5-0 out of 5 stars Duel In The Dust
THE SHOOTING (1966): Willet Gashade (Warren Oates) and his dimwitted friend Coley (Will Hutchins) are in a state of growing paranoia after their partner is inexplicably shot to death by an unseen assassin at their small mining camp. The murder may have been in retaliation for the accidental trampling death of "a little person" in town, ostensibly by Gashade's brother, who had left camp in a great hurry immediately prior to the shooting. The next morning, while the two remain confused and suspicious over this disturbing mystery, a strange young woman (Millie Perkins) shoots her horse to death outside of the camp and then offers Gashade a thousand dollars to lead her to a place called Kingsley. He accepts even though he makes no attempt to hide his distrust. Intrigued by The Woman, Coley offers to tag along. On their journey, the trio are tracked at a distance by a black clad stranger, Billy Spear (Jack Nicholson). Meanwhile, The Woman laughingly toys with Coley's emotions and refuses to answer any of Gashade's questions. Spear eventually joins them and proves to be a most despicable companion. Hostile and abusive in the extreme, Spear is a gunslinger cohort of The Woman, who is herself quickly revealed to be every bit as wicked as Gashade had suspected from the beginning. Eventually, the strange journey ends in bloody disarray at the foot of a rock-strewn mountain, where Gashade comes face to face with the answer to the mystery, at great cost.

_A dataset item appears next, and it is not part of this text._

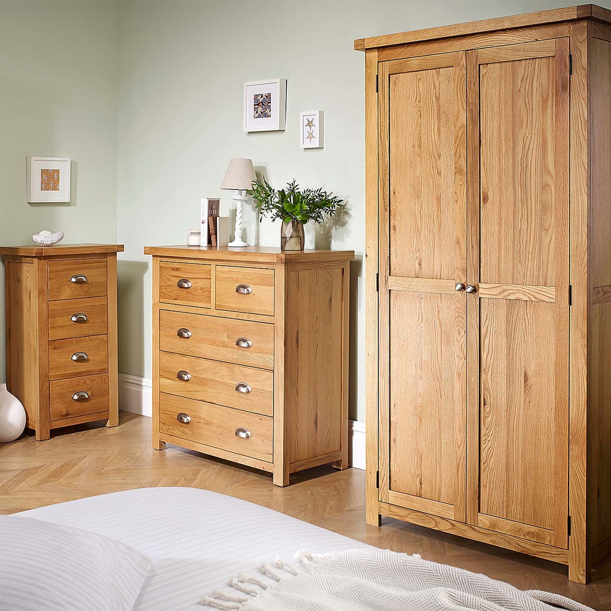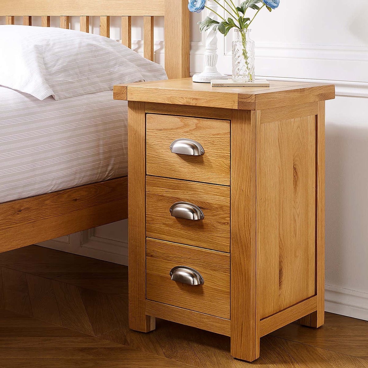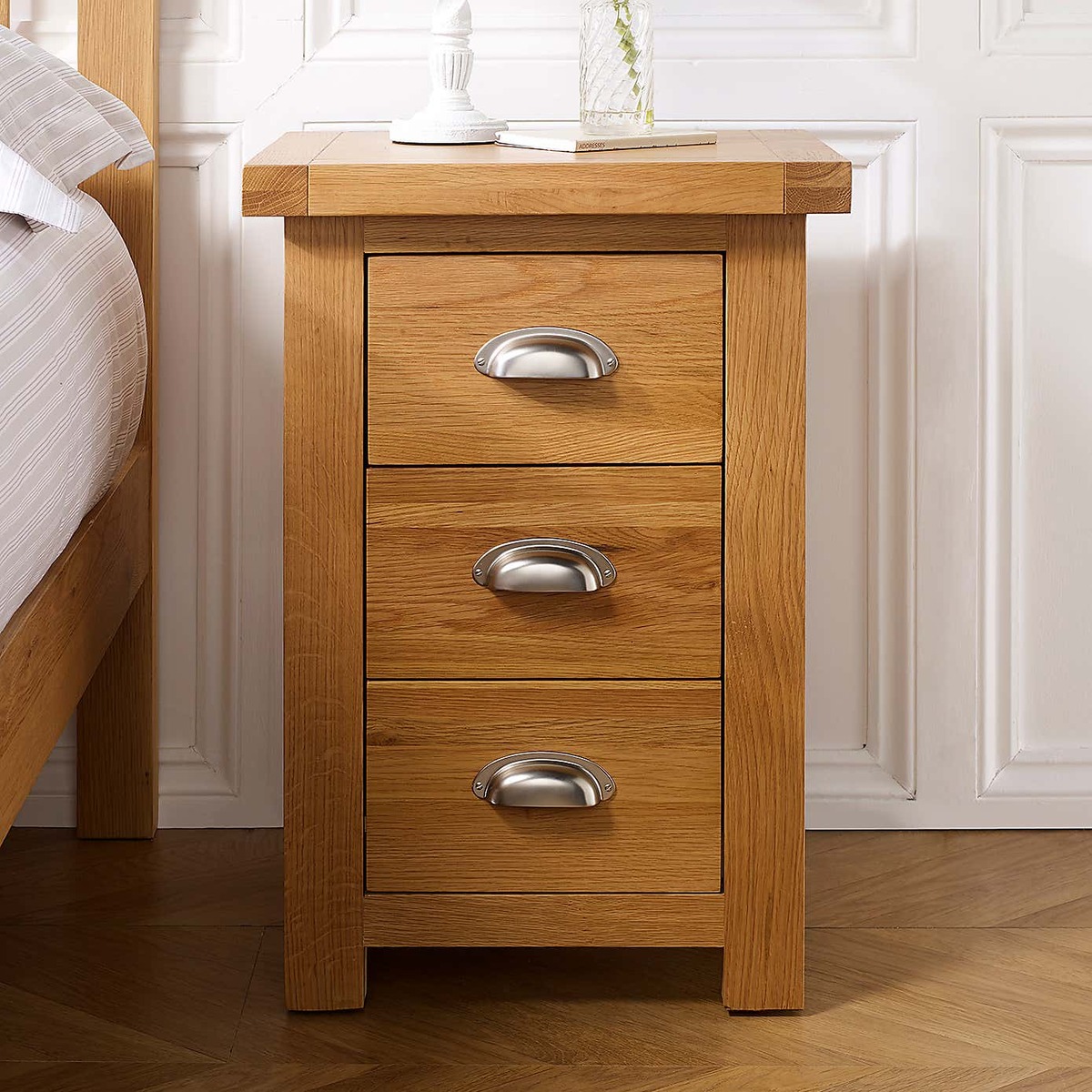 The Woburn Oak Large 3 Drawer Bedside works well in both traditional and contemporary interiors owing to its warm oak finish and clean lines. I love how versatile it is-adding natural texture to a minimalist scheme or complementing rustic and country-style bedrooms. Practical styling tips include keeping the top clutter-free with a small lamp, a clock, or a favourite book, while organising bedside essentials in the drawers ensures a tidy look. Its neutral tone makes it easy to pair with various colour schemes, and for visual interest, consider layering with textured or patterned accessories nearby. The understated yet functional design makes it a practical choice that seamlessly fits into most bedroom setups.
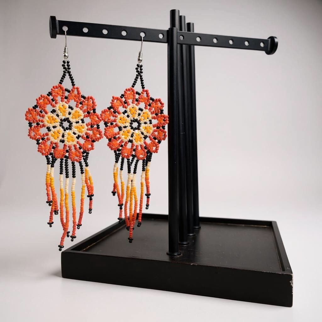 These earrings evoke the warmth and energy of a rising sun. The layered beaded petals form a radiant bloom that cascades into a striking fringe. Whether you’re dressing up a casual look or adding flair to your regalia, these earrings bring color, movement, and cultural pride to any outfit.

One of the most celebrated of all cult movies, and deservedly so, THE SHOOTING is a truly great example of the once vital western form, a triumphant dying gasp for the genre. This compelling tale of weird vengeance is directed with icy cold brilliance by Monte Hellman. The perennially underrated Hellman works wonders on a lowbudget, with stunning cinematography (by Gregory Sandor) provoking a strong aura of the mysterious and uncanny even in the most realistically detailed scenes.

A small but terrific cast helps brings the occasionally mystical narrative to life. Warren Oates plays the world weary and wise Grashade with his usual gritty style, making him a suitable anti-hero for this dark tale. He's an excellent foe to Jack Nicholson's irredeemably evil Billy Spear, one of the most repulsively mean of all movie villains. As bad as he is, Nicholson is ultimately simply a well armed servant at the beck and call of The Woman, who is beautifully played by Millie Perkins for maximum hissability. Both Spear and The Woman engineer the destruction of Oates' foolish sidekick Coley, whose decency earns him an undeserved fate; Will Hutchins' charmingly sweet performance provides the film with its only moments of gentleness.

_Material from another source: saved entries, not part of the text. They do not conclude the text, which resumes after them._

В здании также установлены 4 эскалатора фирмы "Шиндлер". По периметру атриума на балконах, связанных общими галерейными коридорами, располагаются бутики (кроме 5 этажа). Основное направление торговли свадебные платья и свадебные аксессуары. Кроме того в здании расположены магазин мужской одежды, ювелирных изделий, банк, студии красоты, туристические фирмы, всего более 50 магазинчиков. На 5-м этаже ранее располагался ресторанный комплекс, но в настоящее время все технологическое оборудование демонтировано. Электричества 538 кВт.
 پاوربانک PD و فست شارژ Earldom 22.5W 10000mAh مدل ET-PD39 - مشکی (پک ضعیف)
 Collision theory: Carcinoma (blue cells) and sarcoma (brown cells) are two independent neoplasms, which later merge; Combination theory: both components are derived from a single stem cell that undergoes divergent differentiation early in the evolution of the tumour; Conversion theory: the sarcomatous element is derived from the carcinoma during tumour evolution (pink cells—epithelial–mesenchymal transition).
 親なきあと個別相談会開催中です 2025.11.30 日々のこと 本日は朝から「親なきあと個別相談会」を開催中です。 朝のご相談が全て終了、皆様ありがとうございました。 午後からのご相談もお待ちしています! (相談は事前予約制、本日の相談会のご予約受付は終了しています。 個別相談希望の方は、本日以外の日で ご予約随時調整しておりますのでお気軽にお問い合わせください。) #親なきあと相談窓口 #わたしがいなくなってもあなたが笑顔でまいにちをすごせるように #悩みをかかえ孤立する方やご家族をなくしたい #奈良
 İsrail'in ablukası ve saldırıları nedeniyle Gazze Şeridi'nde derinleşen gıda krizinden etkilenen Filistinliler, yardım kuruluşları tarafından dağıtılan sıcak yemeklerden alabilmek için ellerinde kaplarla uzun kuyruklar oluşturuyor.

Richly ambiguous and by turns realistic and dreamlike, THE SHOOTING is a sporadically baffling but undeniably heady ride into the desert. The creepy ending makes this one of those rare movies that will compel you to immediately rewatch the whole thing from beginning to end, if only so you can try to satisfy your curiosity about what it just might REALLY be all about. Its THAT great of a movie.

The VCI DVD presents THE SHOOTING in a fine, modestly letterboxed transfer that captures the film in all its eerie widescreen glory. Since the film never received a theatrical release and has been shown only rarely on television, this is the first time most people will have ever had the chance to see this film in its intended aspect ratio. The only extra is a terrific and highly informative audio commentary from Hellman and Perkins, who vividly recall with candor and humor the filming of this ultra-cheap, high-class production.

2-0 out of 5 stars Doesn't make a lot of sense, but interesting
Not sure what to make of this film. It doesn't make a lot of sense.

Summary:
While Willett Gashade (Warren Oates) was gone for supplies for his mining operation (very small mining operation of only a couple of people in the middle of the desert) his brother and one of their friends got into some trouble in town. They both return to the camp but Willet's brother flees the camp and the friend is gunned down in the middle camp. Another friend, Coley Boyard (Will Hutchins), sees what happens, but it upsets him so much that he hides in the mine with his gun. When Willet finally returns he has to talk Coley out of the cave. Not long after he does, a woman (Millie Perkins), whose name we never find out, appears and hires Willet to guide her across the desert to a city. Willet agrees to go but only if Coley can come.

So they set out, with Coley as something of an errand boy and Willet as the rough and tumble tracker. What Willet and Coley don't realize is that the woman has already hired a gunmen that is riding behind them and trying to stay out of sight to kill the person they are tracking. Though they were told they were just helping the woman across the desert, they are actually tracking someone, and the woman wants that someone dead.

When Coley accidentally sends the wrong signal to the hired gun, Billy Spear (Jack Nicholson), Billy appears at their camp then joins the entourage. As they finally catch up to the person they are 'hunting', Billy kills Coley for trying to warn Willet that Billy is likely just going to kill them all in the end. When Billy passes out from the heat, Willet beats him up then crushes his gun hand with a rock, preventing him from being able to accomplish his mission.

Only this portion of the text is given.